Requirement:
Transcribe only the lines of the listing below from the one holding "近日,国家市场监督管理总局印" through the one holding "Steile trap naar", inclusive, without any change.

Dataset records:
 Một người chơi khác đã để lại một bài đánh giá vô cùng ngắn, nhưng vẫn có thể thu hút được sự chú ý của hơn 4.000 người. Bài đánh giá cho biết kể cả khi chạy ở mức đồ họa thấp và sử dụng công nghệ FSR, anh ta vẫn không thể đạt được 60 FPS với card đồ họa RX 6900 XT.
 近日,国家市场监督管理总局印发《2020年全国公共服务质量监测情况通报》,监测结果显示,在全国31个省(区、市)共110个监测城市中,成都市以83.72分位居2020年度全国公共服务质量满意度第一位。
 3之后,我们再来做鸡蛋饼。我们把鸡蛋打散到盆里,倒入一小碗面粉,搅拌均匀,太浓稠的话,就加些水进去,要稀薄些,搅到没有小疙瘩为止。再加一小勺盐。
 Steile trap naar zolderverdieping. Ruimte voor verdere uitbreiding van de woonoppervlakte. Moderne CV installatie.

--

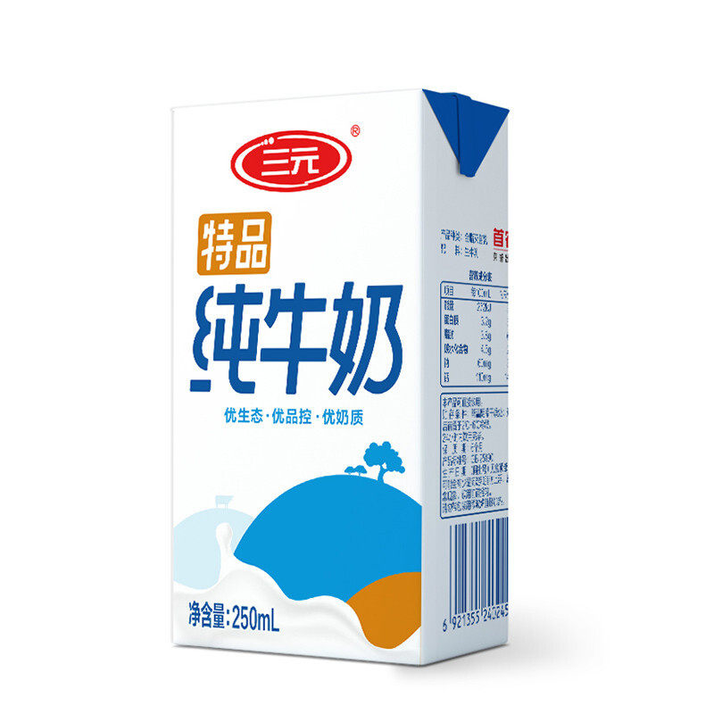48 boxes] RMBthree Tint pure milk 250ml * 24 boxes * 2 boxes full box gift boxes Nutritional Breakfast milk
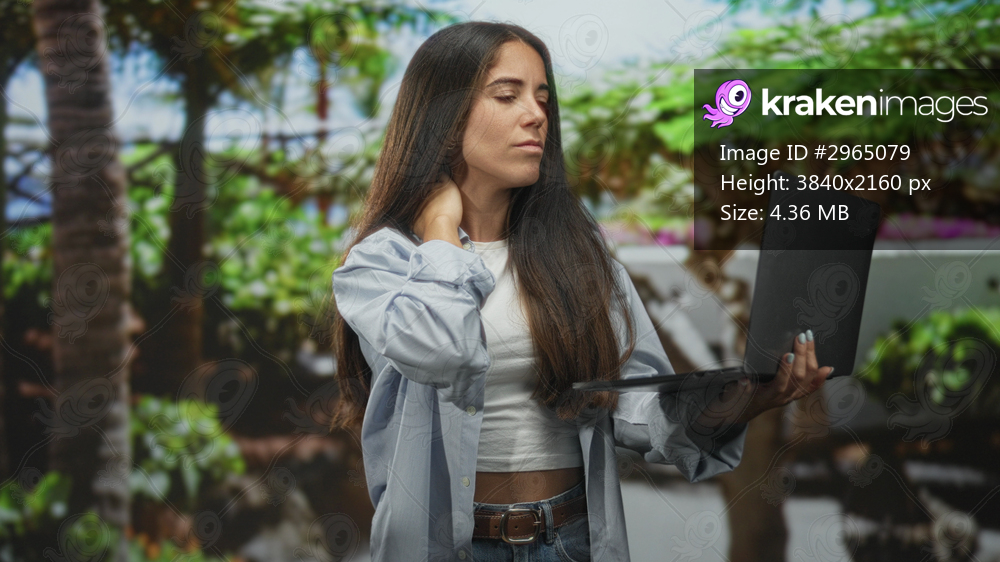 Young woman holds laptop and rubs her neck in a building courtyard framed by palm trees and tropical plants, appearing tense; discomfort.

Response box:
 近日,国家市场监督管理总局印发《2020年全国公共服务质量监测情况通报》,监测结果显示,在全国31个省(区、市)共110个监测城市中,成都市以83.72分位居2020年度全国公共服务质量满意度第一位。
 3之后,我们再来做鸡蛋饼。我们把鸡蛋打散到盆里,倒入一小碗面粉,搅拌均匀,太浓稠的话,就加些水进去,要稀薄些,搅到没有小疙瘩为止。再加一小勺盐。
 Steile trap naar zolderverdieping. Ruimte voor verdere uitbreiding van de woonoppervlakte. Moderne CV installatie.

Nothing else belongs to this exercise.